Without question, food can be considered as a very complex and heterogeneous composition of hundreds, if not thousands, of different biochemical compounds. In the area of food biochemistry, the isolation and quantitative measurement of these chemical components has posed, and continues to pose, immense challenges to the analytical biochemist. There are many golf holidays agency available in the world among them UK golf holidays direct deals on sale for the traveler.
Without the ability to measure both specifically and quantitatively those biochemical components in food matrices, further advancements in the understanding of how foods change during maturation or processing would not be possible. Although it is impossible to address the quantitative analysis of all the different food components, the major techniques for the analysis of protein, lipids, carbohydrates, minerals, vitamins, and pigments will be addressed in detail in this chapter.
The principles behind their analysis are the building blocks for other analytical determinations, including techniques such as gas chromatography, high performance liquid chromatography (HPLC), and spectroscopy, including infrared and mass spectroscopy
Proteins are considered to be among the most abundant cell components and, except for storage proteins, are important for biological functions within the organism—plant or animal. Many food proteins have been purified and characterized over the years and found to range from approximately 5000 to more than a million Daltons. In general, they are all composed of various elements including carbon, hydrogen, nitrogen, oxygen, and sulfur.
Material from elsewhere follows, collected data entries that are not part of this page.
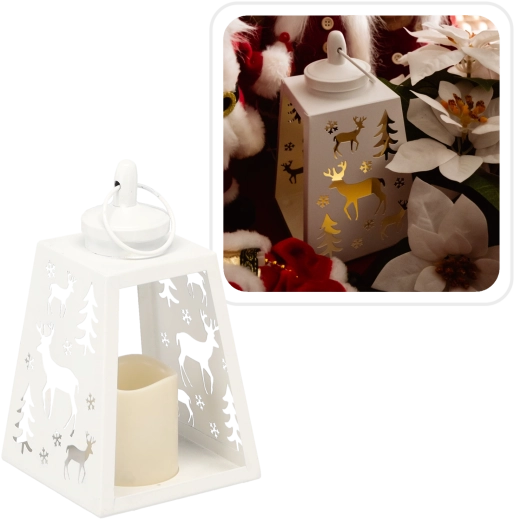 Creëer een prettige sfeer zonder rook en druipende was. Deze witte metalen LED-lantaarn met stijlvol rendiermotief is een uitstekende keuze voor winterse én het hele jaar door decoratie. De kunststof kaars binnenin geeft een zachte warmwitte gloed die rust en comfort oproept.
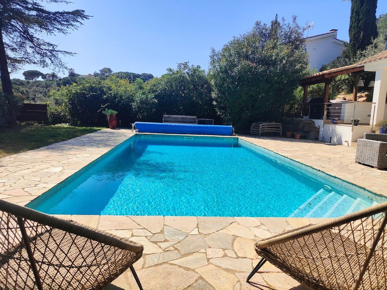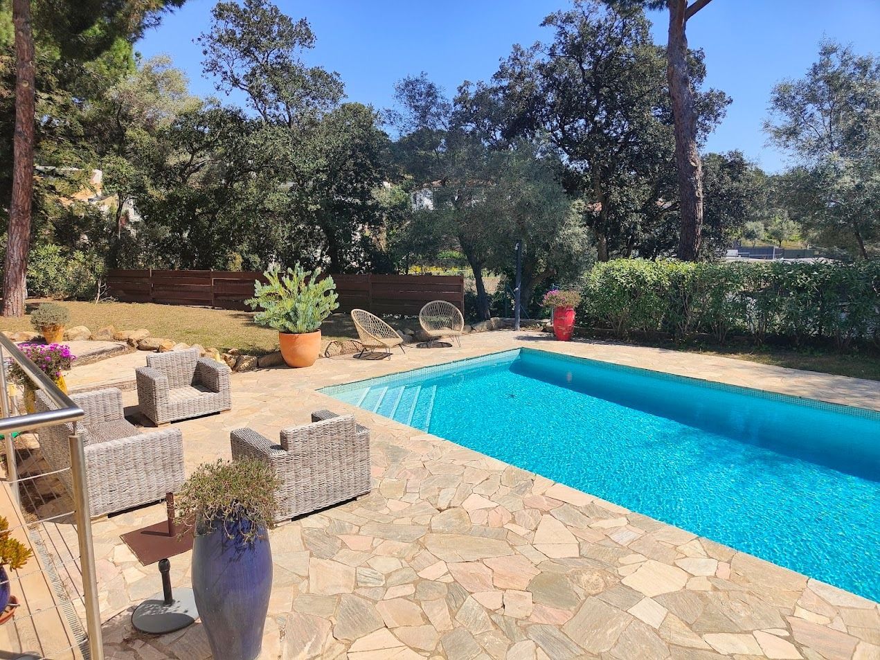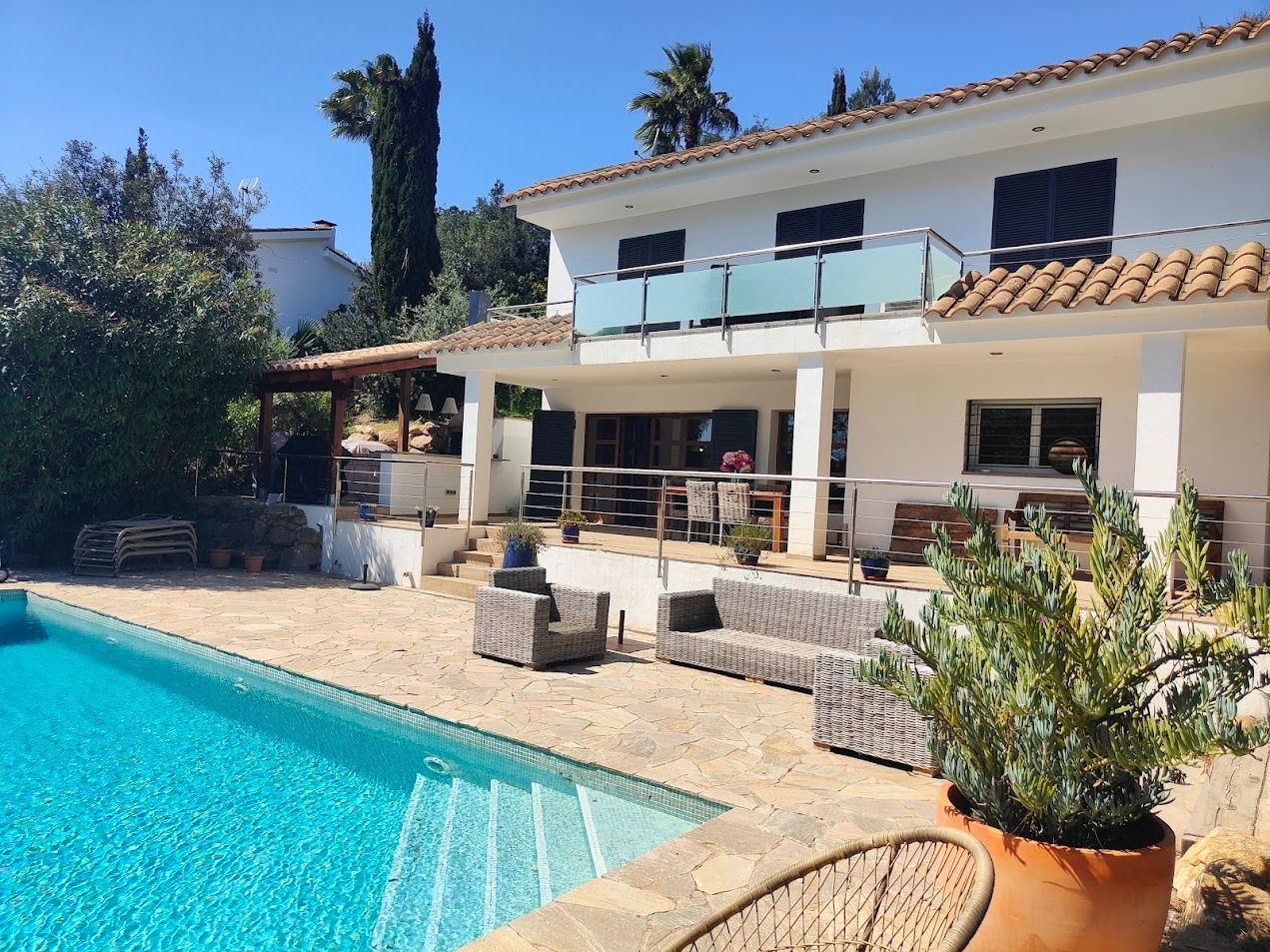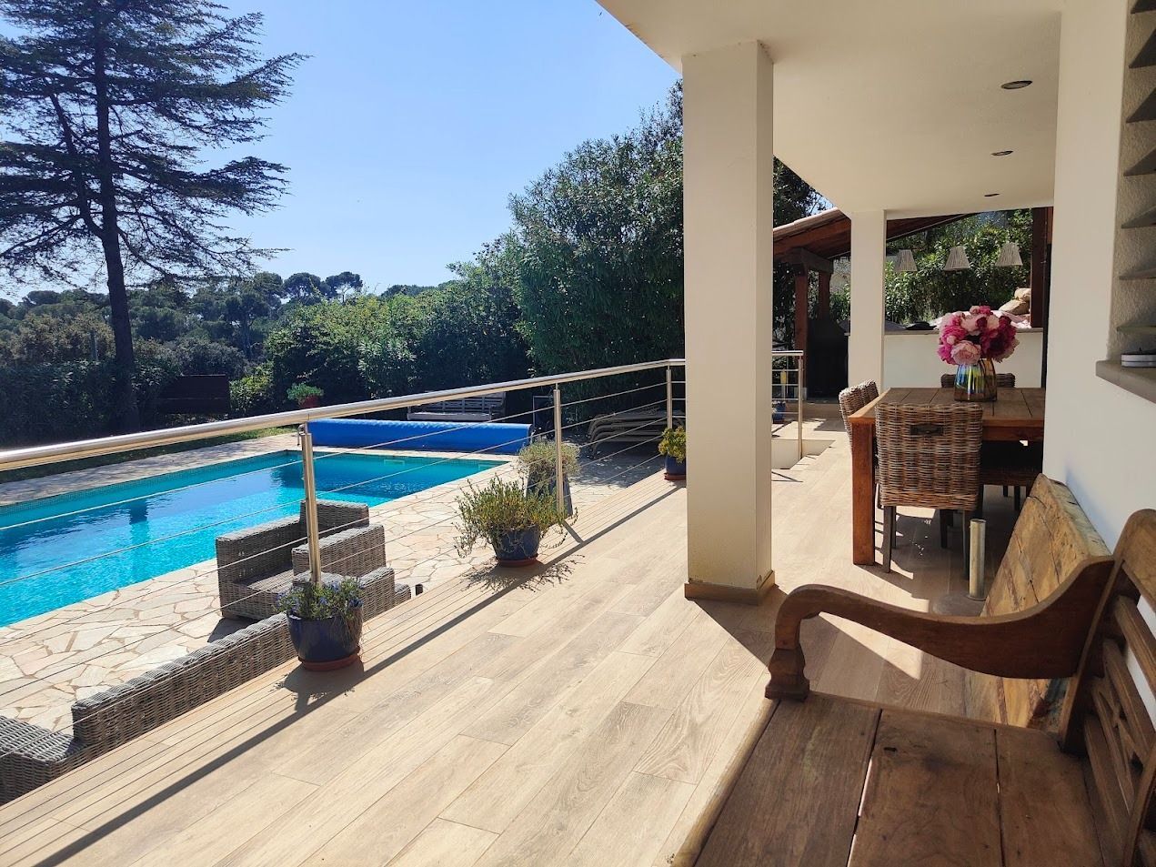 Just 800 metres from the beach and 2 kilometres from the lively centre of Platja d’Aro, this beautiful detached villa is situated in the exclusive residential area of Mas Treumal. Here you can enjoy the perfect balance between peace, privacy and the vibrant life on the Costa Brava. The villa is situated in a dead-end street in a green, quiet area and offers complete privacy. Thanks to its location, you can easily walk to the beach or cycle to the centre. The house has been completely renovated in recent years and has also been expanded with a separate guest room with private bathroom on the ground floor and a newly constructed swimming pool (10 x 5 metres, approx. 2015). This stylish villa has a total built-up area of 257 m² and is situated on a generous plot of 1,451 m². Ground floor: - Representative entrance - Spacious and bright living/dining room with wood stove and direct access to the covered terrace - Luxurious open kitchen, fully equipped with modern built-in appliances - Guest toilet First floor: - Master bedroom with bathroom en suite - Two comfortable double bedrooms - Modern shared bathroom All bedrooms on the upper floor give access to a terrace with a beautiful view of the green surroundings of the urbanization. Adjacent to the house is a separate guest bedroom with private bathroom and private entrance - ideal for guests. You also have a spacious separate storage room. An absolute eye-catcher is the cozy covered barbecue area with bar - the perfect place to spend long summer evenings with family or friends. Special features: - Aluminum frames with double glazing - Aluminum shutters for windows and doors - Built-in wardrobes in the bedrooms - Air conditioning in the bedrooms - Electric radiators - Automatic garden irrigation - Recently renovated infrastructure in the area (including roads and sewer) This villa combines Mediterranean charm with modern living comfort and a fantastic location - an ideal (second) home under the Spanish sun. Taxes, notary fees and registration costs are not included in the sales price.[IW]
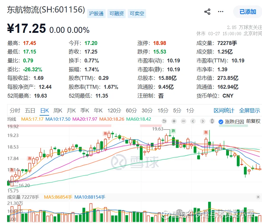 $东航物流(SH601156)$ 东航物流发布2025年财报,数据显示,2025年营业收入242.64亿元,同比增长0.87%。净利润26.88亿元,同比增长0.02%。拟向全体股东每10股派发现金红利人民币6.77元(含税)。经营现金流62亿。#直播快递股# #快递生态圈 # #快递消费生态圈#

These elements are formed into twenty different amino acids, which are linked together by peptide bonds to form proteins. In general, nitrogen is the most distinguishing element in proteins, varying from approximately 13 to 19% due to variations in the specific amino acid composition of proteins (Chang 1998).
For the past several decades, protein analysis has been performed by determining the nitrogen content of the food product after complete acidic hydrolysis and digestion by the Kjeldahl method and subsequent conversion to protein content using various conversion factors (Chang 1998, Diercky and Huyghebaert 2000).
As far back as the turn of the century, colorimetric protein determination methods such as the Biuret procedure (which exploited the development of the violet-purplish color that is produced when cupric ions complex with peptide bonds under alkaline conditions) became available. The color absorbance is measured at 540 nm, with the color intensity (absorbance) being proportional to the protein content (Chang 1998) with a sensitivity of 1–10 mg protein/mL.